The 401(k) Plan already has an Employer Stock Fund which was established in connection with the “first step” public offering. Amounts that are already invested in the existing Employer Stock Fund cannot be used to purchase new stock units in the “second step” Employer Stock Fund. Rather, your share of the existing Employer Stock Fund will be converted (using the exchange ratio described in the Prospectus) into a corresponding share of the new Employer Stock Fund. Therefore, only amounts that are invested in something other than the existing Employer Stock Fund can be used to purchase new stock units in the new Employer Stock Fund.
If you have general questions about the stock offering or about placing an order for stock outside of the 401(k) Plan, you should call the Stock Information Center at _________________.
If you have questions about the procedures for completing and turning in the Special Election Form in order to purchase new Employer Stock Fund units inside the 401(k) Plan, contact Mary Templin, Human Resources/Benefits Administrator, 1359 North Grand Avenue, Covina, California 91724, telephone number: (626) 339-9663; fax: (626) 858-5745; email:m.templin@kffg.com.
Q1: How can I buy stock in the offering through my 401(k) Account?
As a participant in the 401(k) Plan, you may subscribe for units of the new Employer Stock Fund in the 401(k) Plan (known as “stock units”) by making an election to transfer all or a portion of your existing account balance that is invested in anything other than the existing Employer Stock Fund into the new Employer Stock Fund.

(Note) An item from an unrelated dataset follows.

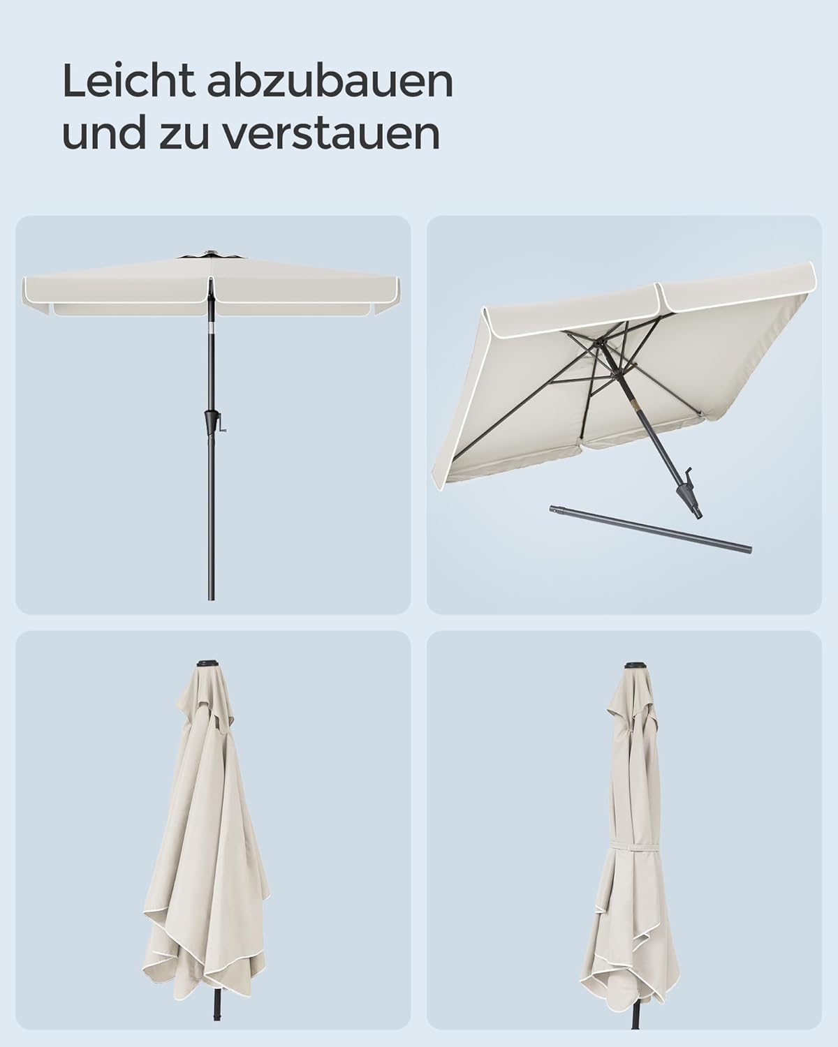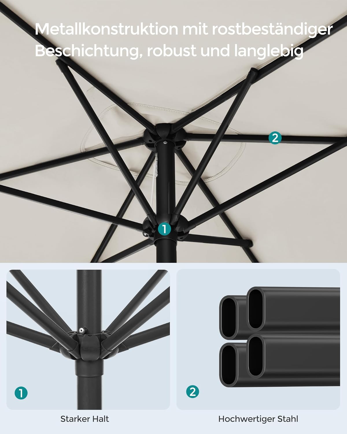 [Robuust en duurzaam] De 6 baleinen en de mast van de tuinparasol zijn gemaakt van hoogwaardig staal voor een robuuste constructie. Ze zijn bovendien gepoedercoat, wat een lange levensduur garandeert.

The purchase price is $10.00 per stock unit. Whether or not you participate in the offering, you will be able to purchase stock units after the offering, at the market price applicable at the time, which may be higher or lower than the $10.00 price in the offering.
Q2: What does a stock unit consist of?
In the stock offering and thereafter, each stock unit will consist of primarily stock, but with a small percentage of cash. The cash (known as a “cash buffer”) will be maintained for liquidity purposes. Liquidity is required to facilitate daily transactions such as investment transfers or distributions from the stock fund. The size of the cash buffer will depend on share volume and transaction frequency, but will generally be around 5% of the total value of the Employer Stock Fund.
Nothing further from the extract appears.